The world's biggest reinsurance company, Munich Re, has unveiled new figures about the costs of natural disasters in 2017, showing that the industry faces record payments to insured clients.

Texas Hurrikan Harvey
Image: Imago/ZUMA Press/G. Hernandez

Insurers around the world will have to pay claims of around $135 billion (€112.2 billion) for losses from natural disasters in 2017 — the most ever and following a spate of hurricanes, earthquakes and fires, according to a closely-watched report published by Munich Re on Thursday.

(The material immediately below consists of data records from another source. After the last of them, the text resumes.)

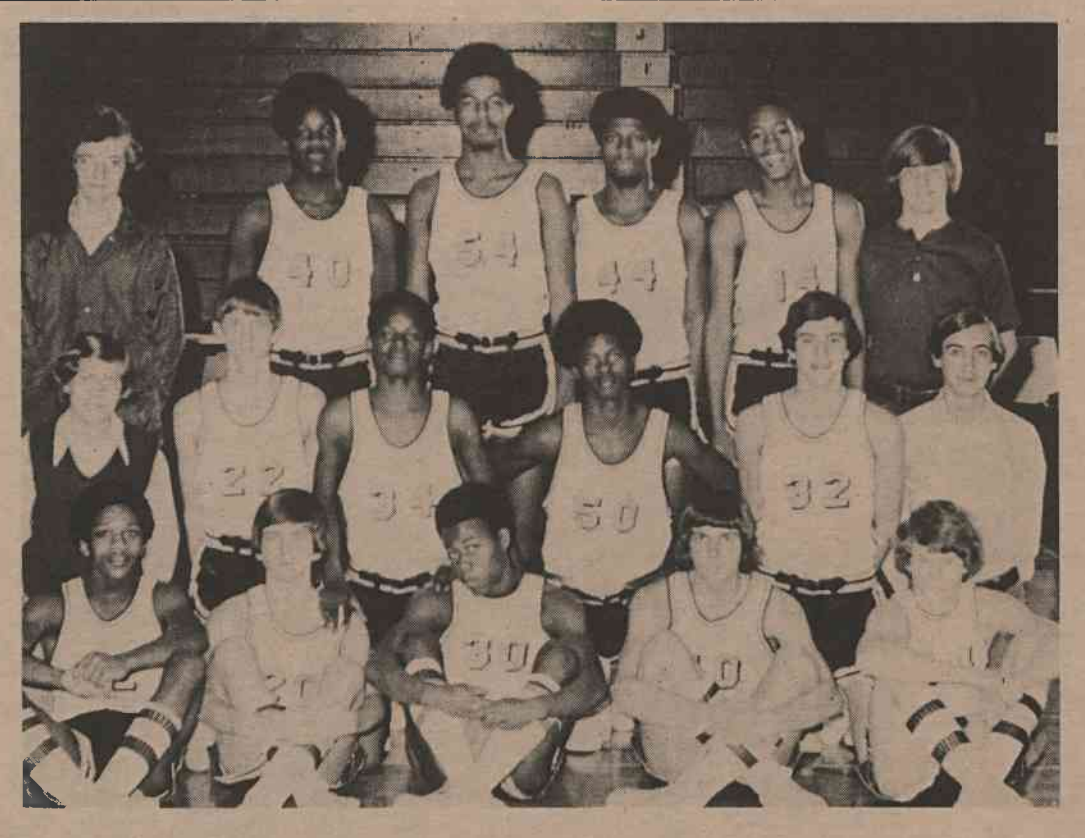
The 1973-74 Jayvee Basketball Team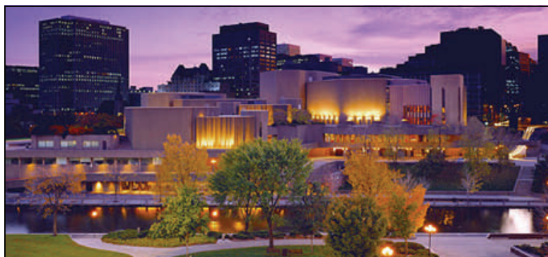
Canada's National Arts Centre

Phone: 613-947-7000 x390 Fax: 613-992-5225 E-mail: mused@nac-cna.ca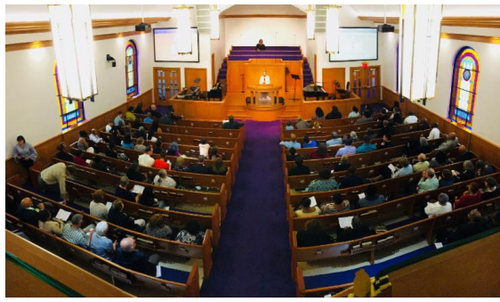
The event was held at and hosted by Mount Zion Baptist Church.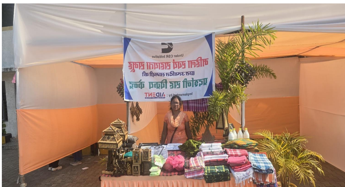
Figure 5: Photo of Local Artisans & NGO- Showing the rich tradition and culture of Jharkhand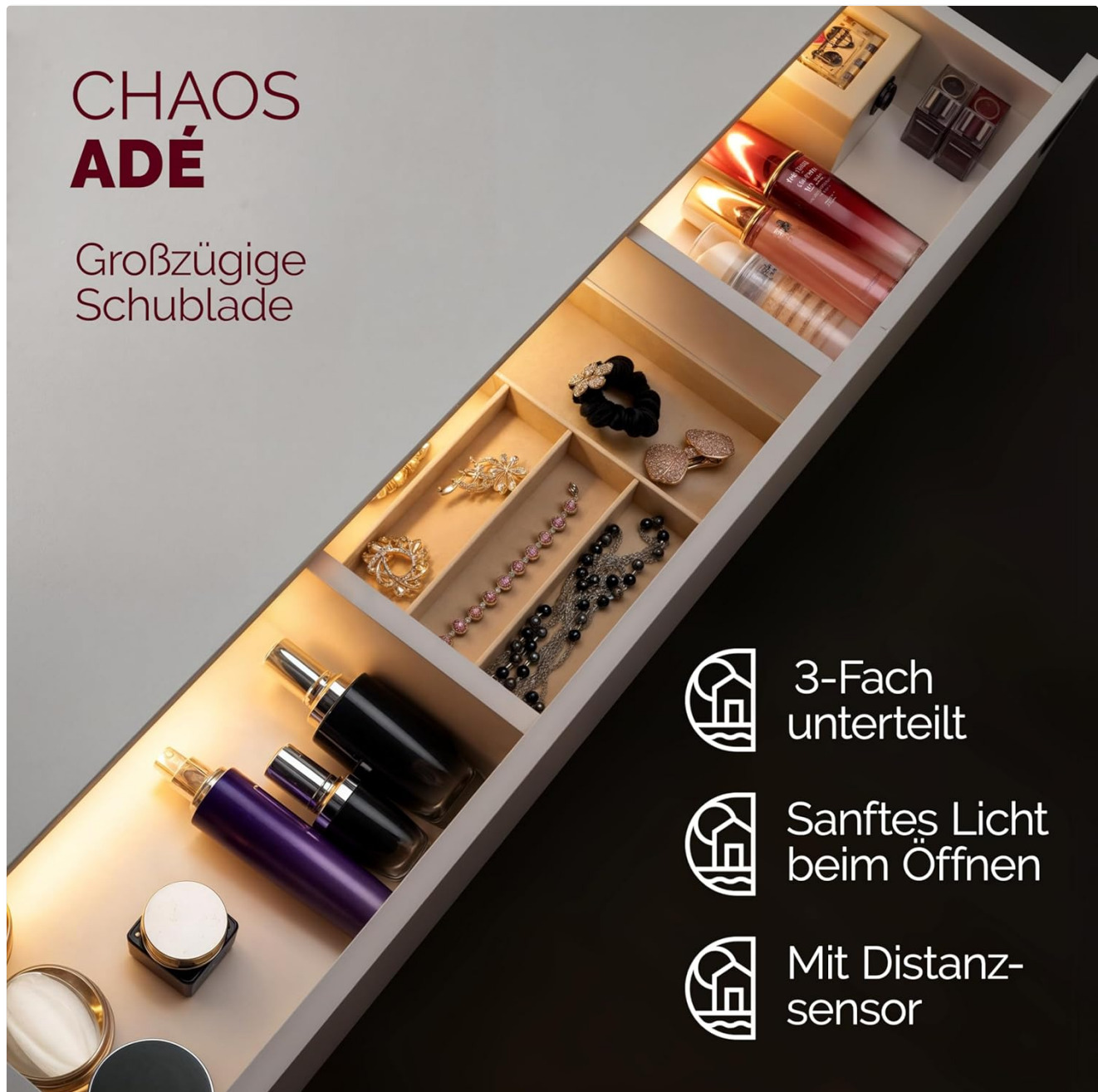
Image 5.1: The illuminated drawer interior with three compartments for organization.

drawer is opened, the sensor detects the movement and illuminates the interior. When the drawer is closed, the light will automatically turn off.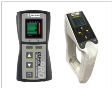
DLV-Pro Voltmeter & SG-Ultra Digital Hydrometer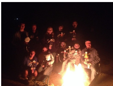
Gathered Around the Bonfire, Guys Ready to Go!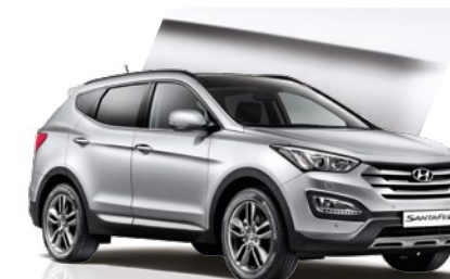
Sleek Silver - Metallic

The German reinsurance company's annual natural catastrophe review also said that last year's total losses, including those not insured, were $330 million, the second-worst in history after 2011 when an earthquake and tsunami wreaked havoc in Japan.

Munich Re estimates that a total of 710 natural catastrophes in 2017 — including hurricanes Harvey, Irma and Maria, as well as a severe earthquake in Mexico in September, floodings in Asia — caused the loss of about 10,000 lives.

Although individual events could not be linked directly to climate change, global warming was playing a role, the report said. Torsten Jeworrek, Munich Re board member, added that the company's experts expected extreme weather to occur more often in future.

Read more: Hurricanes release energy of 10,000 nuclear bombs

"Some of the catastrophic events, such as the series of three extremely damaging hurricanes, or the very severe flooding in South Asia after extraordinarily heavy monsoon rains, are giving us a foretaste of what is to come," he said.

And Ernst Rauch, head of Corporate Climate Center at Munich Re, said that 2017 wasn't "an outlier" in terms of natural catastrophes in the past decade. Insured losses had surpassed $100 billion multiple times since 2005, he noted, adding that this may be the "new normal" for the insurance industry.